[What is being asked] Below are some records; quote exactly the lines from the one that contains "Alu-Dibond Bild |" through the one that contains "这款精美的 Dolce &", inclusive, and no others.

[Available data]
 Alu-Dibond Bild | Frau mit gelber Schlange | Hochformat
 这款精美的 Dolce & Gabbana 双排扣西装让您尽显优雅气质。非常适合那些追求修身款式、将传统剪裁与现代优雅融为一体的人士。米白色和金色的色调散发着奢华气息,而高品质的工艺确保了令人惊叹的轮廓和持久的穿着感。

--

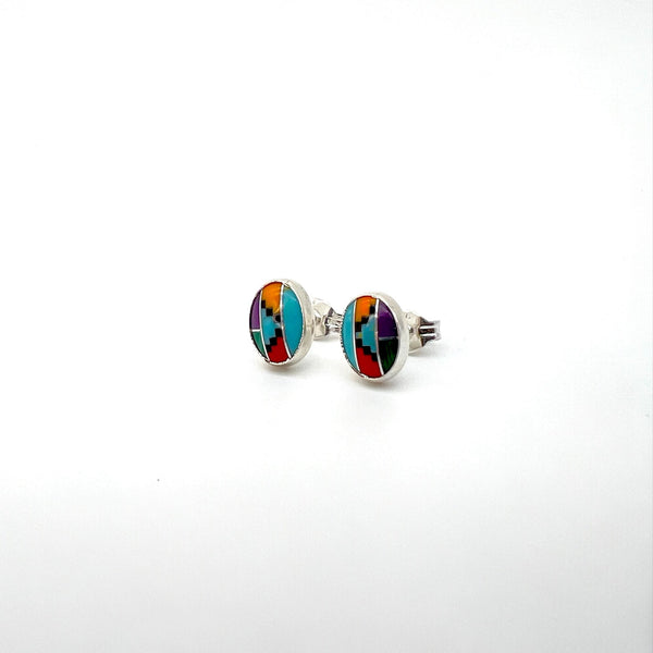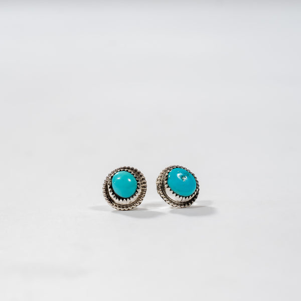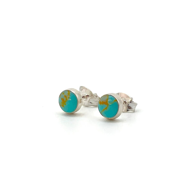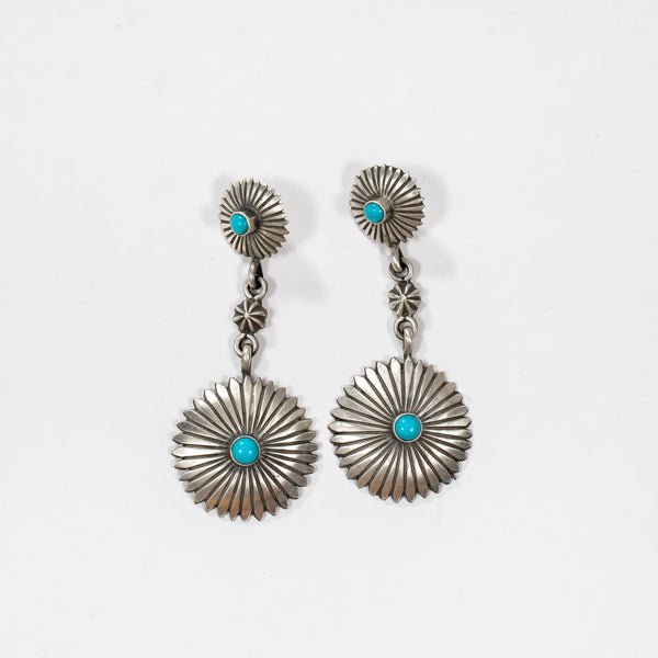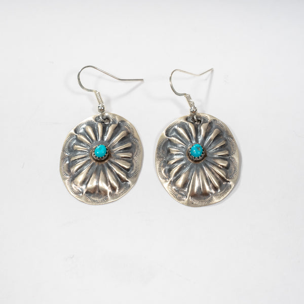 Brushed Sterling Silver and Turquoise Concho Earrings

---

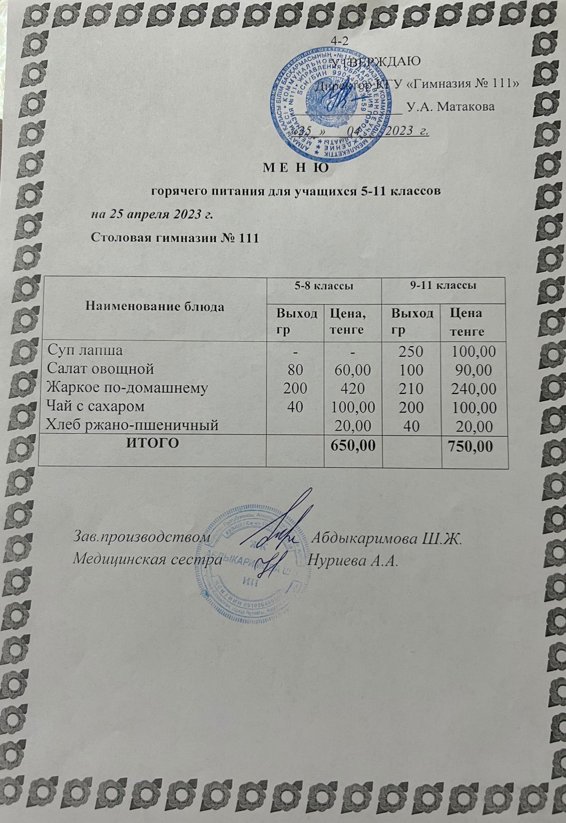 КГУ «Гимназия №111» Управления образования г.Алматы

[Answer]
 Alu-Dibond Bild | Frau mit gelber Schlange | Hochformat
 这款精美的 Dolce & Gabbana 双排扣西装让您尽显优雅气质。非常适合那些追求修身款式、将传统剪裁与现代优雅融为一体的人士。米白色和金色的色调散发着奢华气息,而高品质的工艺确保了令人惊叹的轮廓和持久的穿着感。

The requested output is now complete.